В этой колыбельной было что-то про ясное солнце и его братца месяца, про звёздочки, что водят в небесах хоровод, и пташек, что щебечут младенчику под окном свои трели, убаюкивая его. Дуняшка послушно выучила новую колыбельную и с тех пор в присутствии хозяйки всегда пела только её. Однако же по ночам, и днём, когда они оставались с Митенькой одни, губы сами привычно заводили знакомые до боли, въевшиеся в мозг слова:
– Во темнОм бору, во сыром бору,
Там, где вороны кличут нам беду…
Митенька, кажись, уснул крепко.
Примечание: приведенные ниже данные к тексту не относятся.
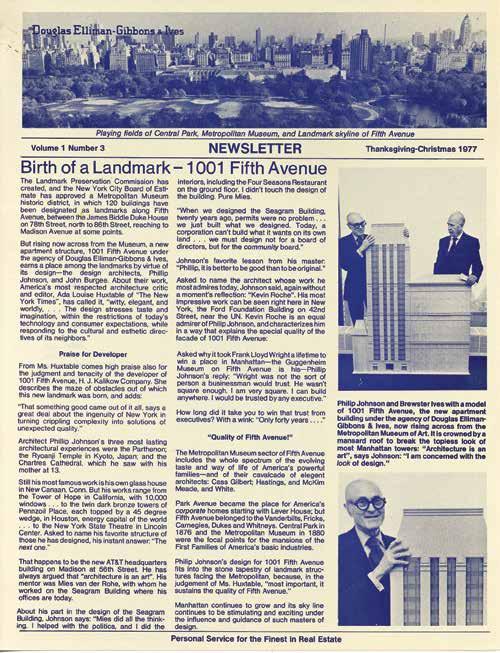 A newsletter from Douglas Elliman-Gibbons & Ives detailing the new landmark on Fifth Avenue.

И чего он голосит весь вечер? Животик, верно, пучит. А самих-то нет дома. Уехали в гости куда-то, сказавшись, что воротятся к полуночи. Так скоро уж, чай, приедут. Кухарка с горничной давно спали, а она, Дуняшка, вот всё мается, таскает дитё на своих руках. Да хотя чего ей жаловаться? Живёт она, как у Христа за пазухой. Уж лучше дитё баюкать, чем на поле в дождь и грязь на помещика корячиться. Дуняшка снова подошла к колыбели и склонилась.